A report by CNRG in November, revealed that there was evidence of the deleterious contribution of coal to climate change.


GOVERNMENT has been accused of dragging its feet in addressing the underground coal seam fires at Hwange Colliery Company that have claimed lives and left some  people disabled.

The Centre for Natural Resources Governance (CNRG) recently petitioned government over the fires.

This was after a report was made to the Mines ministry and Environmental Management Agency (Ema) about children being burnt in the coal seams in the mining town.

CNRG director Farai Maguwu told NewsDay that the government was reluctant to address the matter.

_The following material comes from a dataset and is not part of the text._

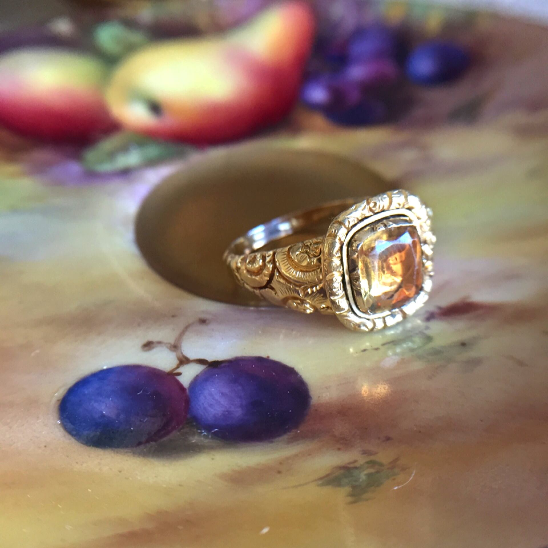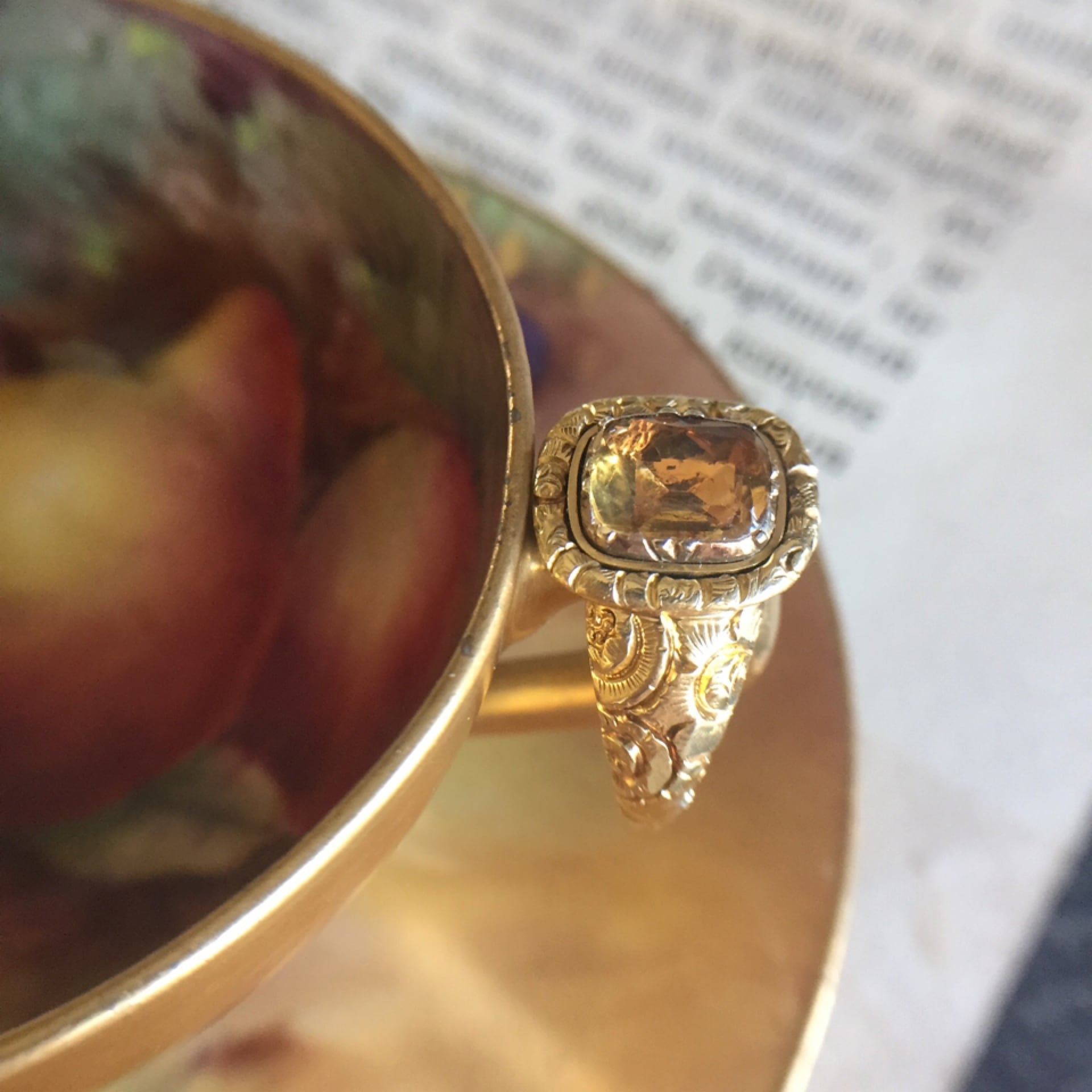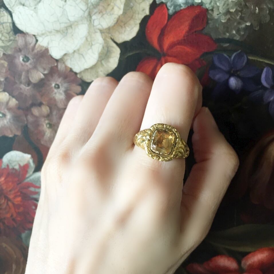 ゴールドが硬い素材という事を忘れてしまうくらいに見事なゴールドの細工技術にシトリンが溶け合い、この時代ならではの美しさが詰まったリングです。

“Government, especially the Mines ministry, has been avoiding the issue after our report on children being burnt by the coal seam fires. We raised our concerns to the ministry and Ema and made follow-ups, but there has been no response,” Maguwu said.

A report by CNRG in November, revealed that there was evidence of the deleterious contribution of coal to climate change.

The CNRG has been documenting cases of villagers, in particular children, being burnt by underground coal fires.

“Some of the victims, who are now adults, were injured while young and had their future ruined by the permanent injuries, lengthy periods spent in hospitals and unending excruciating pain that has become a permanent experience in their lives, largely due to inadequate therapy they received,” the CNRG report said.

“The children who fall victim to the coal seam fires suffer a range of physical and psychological effects which include post-traumatic stress disorder.”

Mines minister Winston Chitando was not answering call when we  tried to reach him for comment.

Research reveals that coal seam fires occur in underground natural coal seams, in exposed surface seams, and in coal storage or waste piles. The fires ignite through spontaneous combustion or natural or anthropogenic causes.